Translate

jueves, 26 de enero de 2017

Tatuaje y cicatriz.

Tus manos se levantaron amorosas esa mañana. Revolverme el pelo como un cachorro y abrazarme con fuerza fue casi lo primero que hicieron. Minutos más tarde estarían invitándome a desayunar en una cocina blanca e impoluta, siendo el silencio menos silencio por el sonido de la cafetera y el tic-tac del reloj.
Pensaba que pronto se abriría paso una tarde soleada, de esas donde no tienes que preocuparte por absolutamente nada y te entretienes con pasatiempos para que los minutos se sucedan más rápido.
Hay que ver lo que me gustan los desayunos con un vaso de zumo de naranja recién exprimida y un par de tostadas con mantequilla y mermelada. Más que gustarme, me vuelven loca, y aún más cuando haces equipo con otra persona para disponerlo todo. Entre que una va y la otra viene parece que la energía salta por las paredes incontenida y acaba por solaparse a los cuerpos.
Leche, café, azúcar, sonrisas cómplices y ojos relucientes de alegría, tus largos dedos removiendo con la cucharilla en la taza y mis dedos copiosos de pianista haciendo lo mismo. Mordiscos para aquí y mordiscos para allá, y chasquidos de besos que estallan al aire y vuelan de un extremo a otro intermitentes.
Qué suerte la mía despertarme así contigo, sintiéndome querida y protegida en ese espacio que llamo hogar. Qué suerte recordarte con tanto amor aún cuando terminaste por destrozarme el corazón.
Cuando recogimos los cacharros, cada uno hizo lo propio y se retiró hacia sí mismo dejando margen al otro, aunque el mío fuese como de costumbre para guardar las botas militares tiradas por cualquier esquina y hacer la cama tras dejar ventilando la habitación, eliminando cualquier prueba que delatase el sueño a tu lado.

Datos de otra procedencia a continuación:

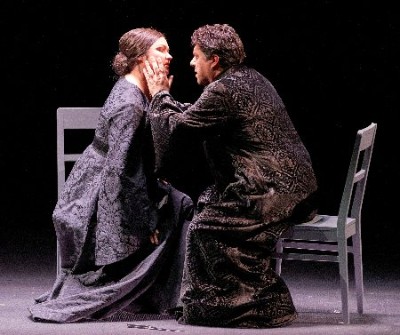 Kosky hat sie gewählt und zeigt uns in völliger Finsternis eine Art Landebahn für Flugzeuge, bei der die Mittelbefeuerung ausgefallen ist, sowie einen ovalen Lichtkegel, der allerdings tatsächlich nicht aus der darüber schwebenden großen Salonlampe strahlt, in dem aber das ganze Schicksal von Macbeth und Lady auf zwei grauen Holzstühlen über die Bühne geht. Denn nur auf sie kommt es Kosky an, und wir erleben wieder einmal die Dichotomie zwischen der theoretisch fundierten Konzeptualisierung eines Opernregisseurs und den Herausforderungen und Möglichkeiten eines großen Operntheaters. So, wie sich der „Macbeth“ hier in Wien nun präsentiert, könnte er auch in einer Kammeroper stattfinden, möglicherweise sogar mit größerer Intensität, weil das gesamte Publikum viel näher an den Protagonisten säße und damit die starke Emotionalität und Mimik der beide Hauptfiguren noch direkter erleben könnte. Aber auf der Riesenbühne der Wiener Staatsoper? Man schaut den ganzen Abend in ein schwarzes Loch, und erst langsam deutet sich die Randbefeuerung der Landebahn als banaler Richtungsweiser für die Auf- und Abgänge der als nackte Statisten auftretenden Hexen und des schwarz bekutteten Chores in der Finsternis an. Dabei hatte ich vorübergehend die Vorstellung, dass sich das Schicksal der beiden im Laufe des Abends auf dieser Straße im Sinne eines chronologischen Fortschreitens offenbaren würde, in Assoziation an die geniale „Straße des Lebens“ von Harry Kupfer in seiner „Ring“-Produktion in Bayreuth in den 1980er Jahren.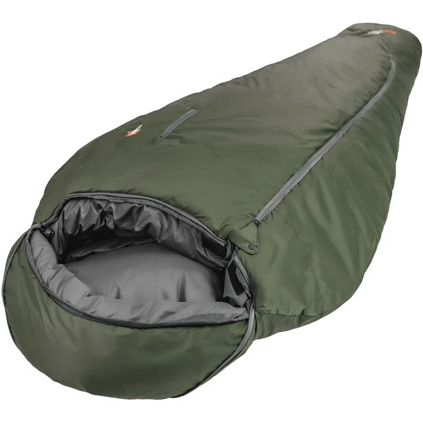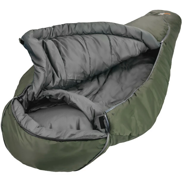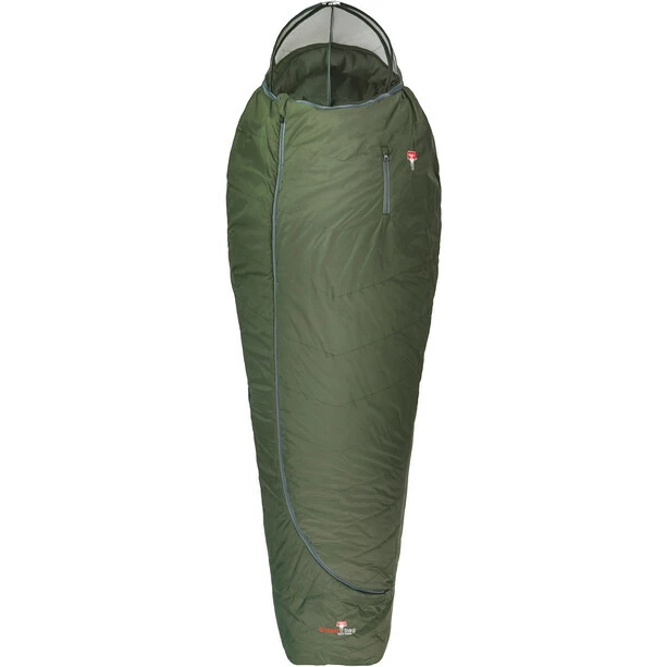 The integrated 3D-mosquito net puts pay to being disturbed by the troublesome insects: The net is spanned over your head by means of two small rounded arch poles and thus offers you perfect protection from these little, uninvited guests. The net can be stored in the practical pocket on the stuff sack. The Survival’s outer shell is particularly robust and resilient and is also equipped with rubber grips on the underside. This prevents the annoying habit of the sleeping bag slipping off the thermal mat, even on uneven ground.
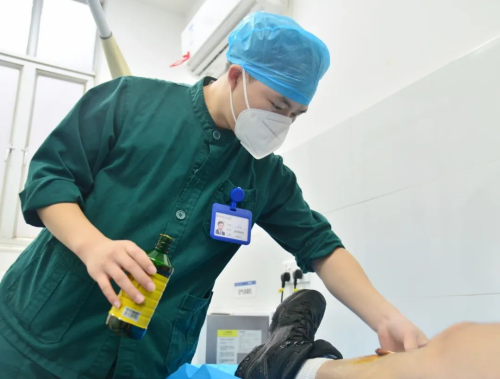 医务人员在给患者清理创口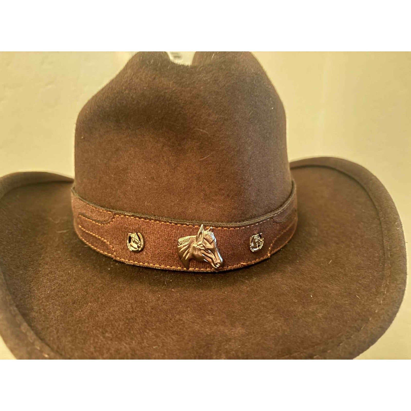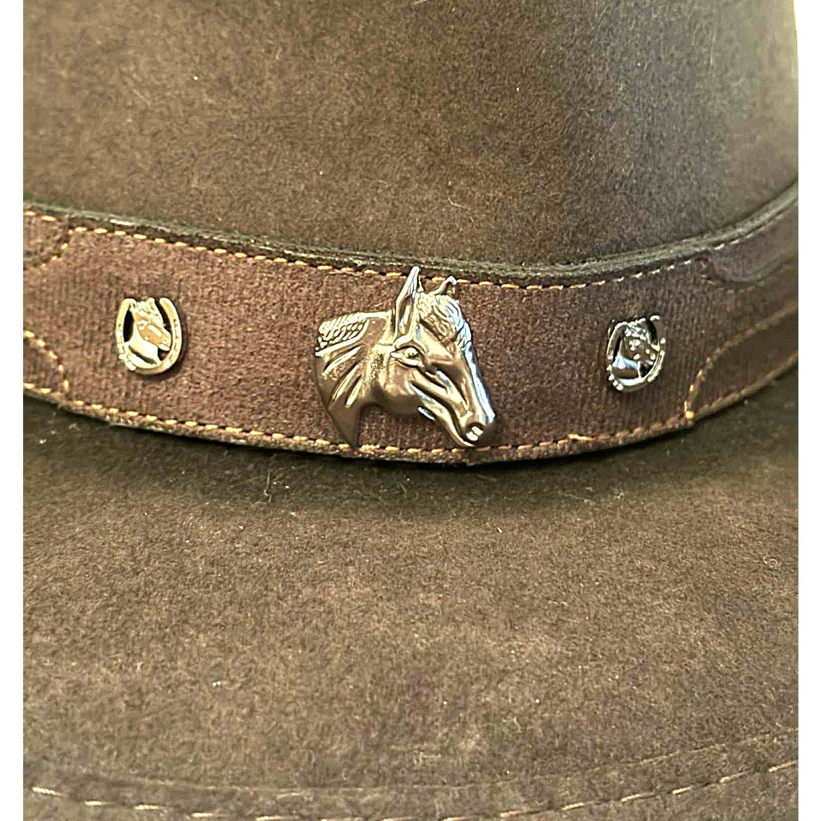 Features: Horsehead hatband accent, Western styling

Poco más podría hacer que ir recogiendo por partes el desorden generado el día anterior, pues entendía de sobra que eran puntuales los momentos para estar contigo y no se correspondía con entonces.

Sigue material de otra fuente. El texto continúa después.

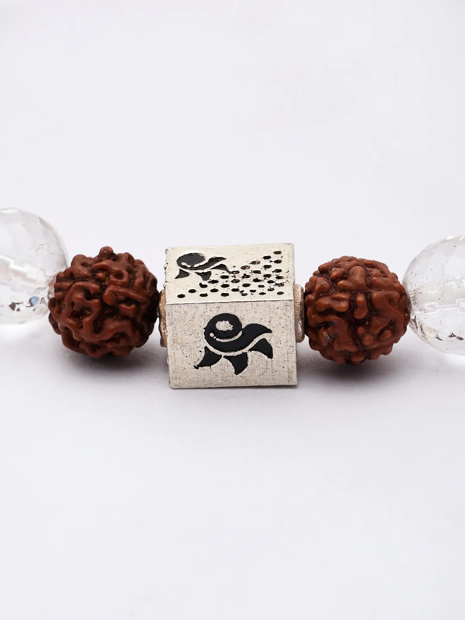 At the heart of the bracelet lies a specially designed sterling silver charm. This meticulously crafted element adds a touch of refined luxury and serves as a focal point, subtly enhancing the overall aesthetic. The cool sheen of sterling silver complements both the natural warmth of the Rudraksha and the vibrant sparkle of the quartz, creating a harmonious and balanced design. The charm is securely integrated, ensuring both durability and a polished finish.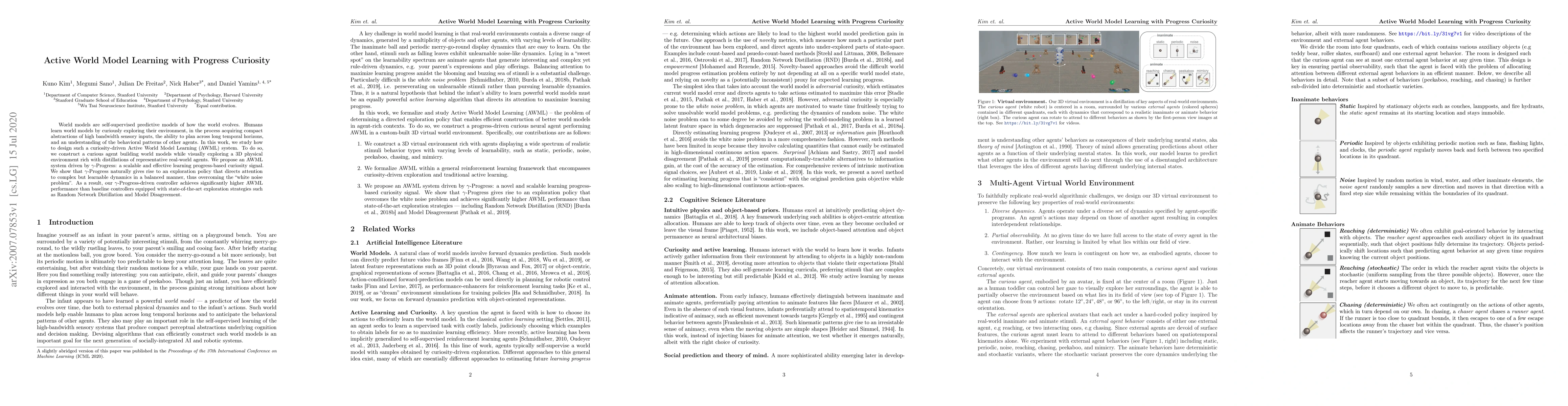 World models are self-supervised predictive models of how the world evolves. Humans learn world models by curiously exploring their environment, in the process acquiring compact abstractions of high bandwidth sensory inputs, the ability to plan across long temporal horizons, and an understanding of the behavioral patterns of other agents. In this work, we study how to design such a curiosity-driven Active World Model Learning (AWML) system. To do so, we construct a curious agent building world models while visually exploring a 3D physical environment rich with distillations of representative real-world agents. We propose an AWML system driven by $\gamma$-Progress: a scalable and effective learning progress-based curiosity signal. We show that $\gamma$-Progress naturally gives rise to an exploration policy that directs attention to complex but learnable dynamics in a balanced manner, thus overcoming the "white noise problem". As a result, our $\gamma$-Progress-driven controller achieves significantly higher AWML performance than baseline controllers equipped with state-of-the-art exploration strategies such as Random Network Distillation and Model Disagreement.

Con los segundos contados, te vestiste como un autómata tratando de recordar todo lo que tenías que llevarte, mientras yo esperaba a la triste despedida que me separaba de tus brazos. Quizá entonces, de haber sabido que ibas a mentirme, hubiese preferido huir bien lejos de la verdad atónita con la que iba a cubrirse mi piel.
Avanzaste pasillo adelante mientras seguía con suavidad tu estela de pasos, contando las horas que habrían de pasar para volvernos a ver. Frente al espejo que colgaba en la entrada, me besaste la frente como si me asegurases así tu cariño sincero sin medida, y yo, tan acostumbrada a dejarme llevar por las emociones, te guardé en un abrazo que no conseguía protegerte del todo.
Con mis ojos reflejo de los tuyos, te descubrí todo lo que pude y más el amor que enlazaba mi alma a tu existencia y sonreí guardando los dientes, estirando las comisuras hasta que mis mejillas parecían dos pequeñas manzanas sonrosadas.
Me respondiste dibujando esa sonrisa que me hacía pensar que, si existiese un cielo donde resucitar, tendría lugar entre esa tierna calidez. Pronunciando un adiós desenfadado, saliste por la puerta para descubrirme con horror que era el último esta vez, que ya no ibas a volver.